Radici, il nuovo album di Kento & The Voodoo Brothers è finalmente acquistabile in tutti i negozi di dischi e store digitali. Secondo lavoro solista per il rapper reggino che per questo album ha messo una vera e propria all star band, proponendosi di prendere il meglio dell’espressione lirica sperimentata nell’album precedente e unirla ad un sound che abbandona quasi del tutto i classici campionamenti tipici della musica rap per affidarsi al calore del suono analogico.

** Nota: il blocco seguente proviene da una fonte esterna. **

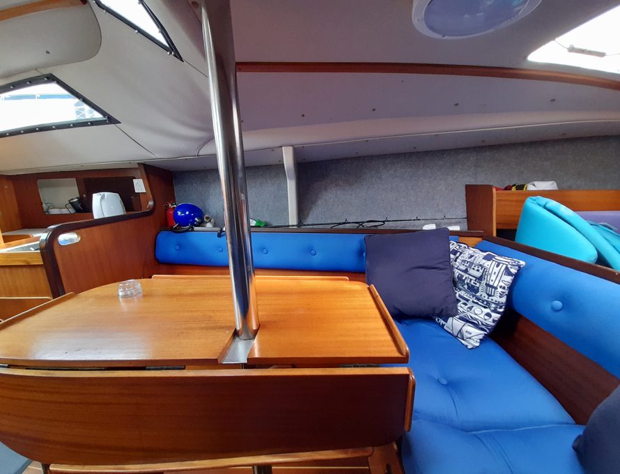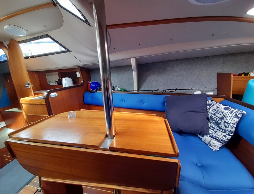 Lifting cast iron keel version with transom hung lifting rudder. Lifting keel operated via a winch mounted on the saloon table.
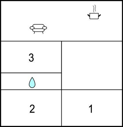 Badezimmer (nr. 1) - WC. Warmes und kaltes Wasser. Dusche
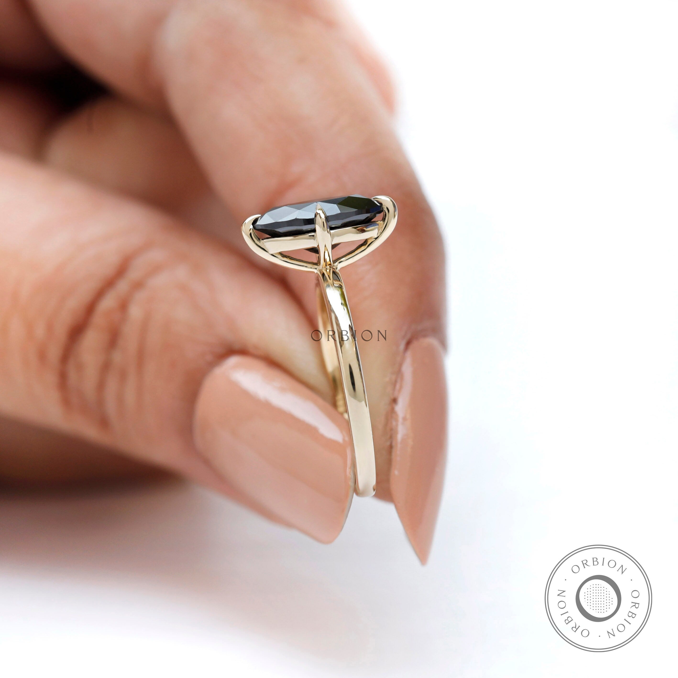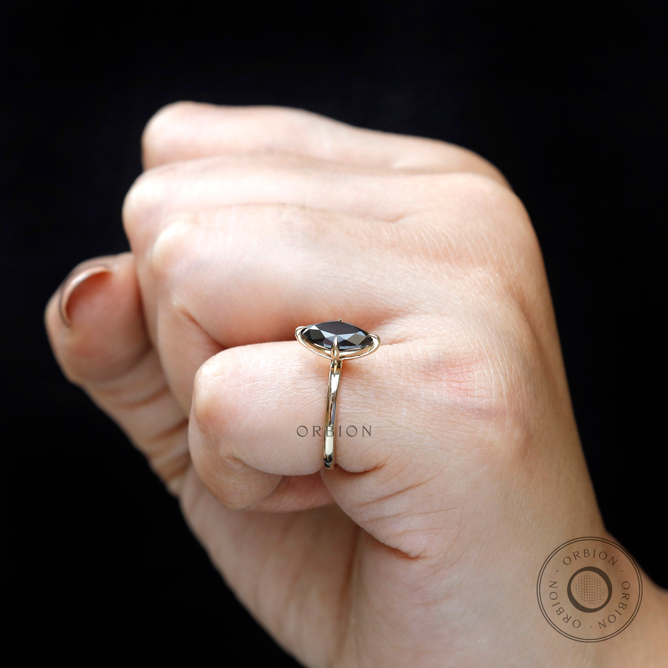Marquise Black Moissanite Engagement Ring, 10k/14k/18k Solid Gold Ring, Simple Wedding Ring, Anniversary Gift, Promise Ring For Her

Kento The Voodoo Brothers Radici Album Download

La produzione artistica è affidata a David “Shiny D” Assuntino (pianoforte, synth, piano elettrico, organo, voce: Torpedo Sound Machine, Livity Band) e a Federico “JolkiPalki” Camici (basso, ukulele bass: Torpedo Sound Machine, Honeybird & The Birdies). Gli altri musicisti coinvolti nel progetto sono Davide Lipari (chitarra, armonica, voce: One Man 100% Bluez), Cesare Petulicchio (batteria, percussioni: Bud Spencer Blues Explosion) e i Dead Shrimp, trio delta blues composto da Sergio De Felice (voce), Alessio Magliocchetti (chitarra, dobro, slide guitar) e Gianluca Giannasso (batteria, percussioni).

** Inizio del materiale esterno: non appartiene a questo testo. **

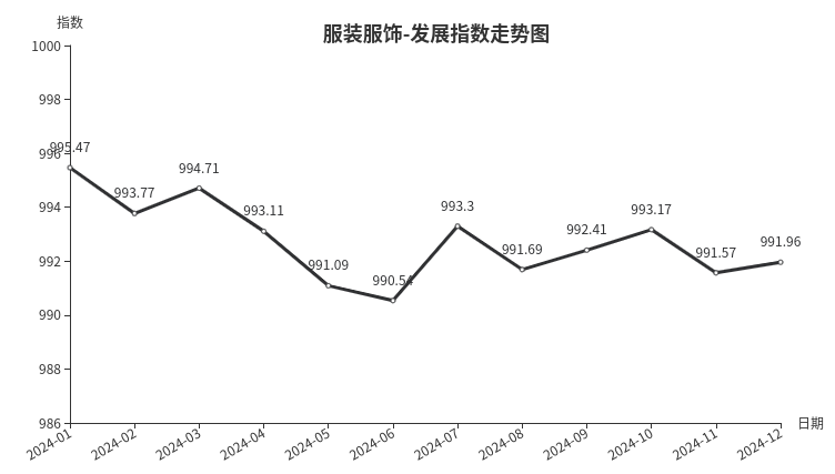 12月份,服装服饰类发展指数收于991.96点,环比上涨0.39点,涨幅0.04%;同比下跌3.18点,跌幅0.32%。
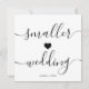 This is a simple black and white script Smaller Wedding Announcement Card to inform your guests that you have decided to downsize your wedding, have a smaller wedding, micro wedding, intimate wedding due to certain circumstances.
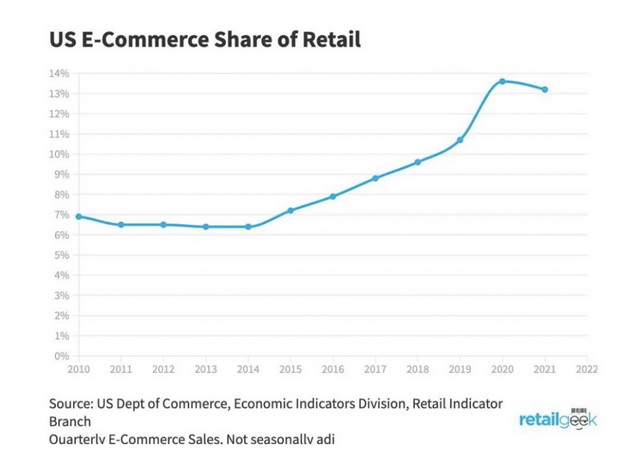 美国商务部数据,2020年美国电商渗透率为13.6%,2021年降至13.2%。当然,渗透率即便回落,相较于疫情前2019年的10.7%增长仍然明显。同时下滑主要系美国疫情常态下,实体零售业的复苏:数据显示2021年美国线下零售额同比增长18.5%,而电商同比增长14.2%,线下增速首次超过线上。
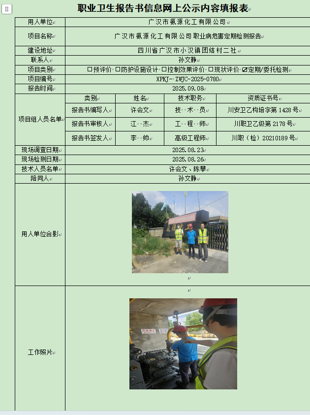 广汉市氨源化工有限公司职业病危害因素定期检测

Dal punto di vista dei testi, la passione per il rap degli Anni ’80 e ’90 incontra quella per il cantautorato italiano e la canzone di protesta degli Anni ’60 e ’70, insieme agli echi d’oltreoceano della spoken word e slam poetry/dub poetry più storica (Gil Scott-Heron, The Last Poets, Mutabaruka, Linton Kwesi Johnson). Il sound, poi, si propone di ridiscendere le radici della black music fino al blues del Delta degli Anni ’20 e 30, partendo dalla “musica del diavolo” di Robert Johnson ma senza dimenticare la lezione di gruppi come The Roots, A Tribe Called Quest, De La Soul, Blackalicious, Jurassic Five e di concept come Guru’s Jazzmatazz e Blakroc, l’album del 2009 che vede i Black Keys accompagnare alcuni tra i rapper più noti della scena di New York.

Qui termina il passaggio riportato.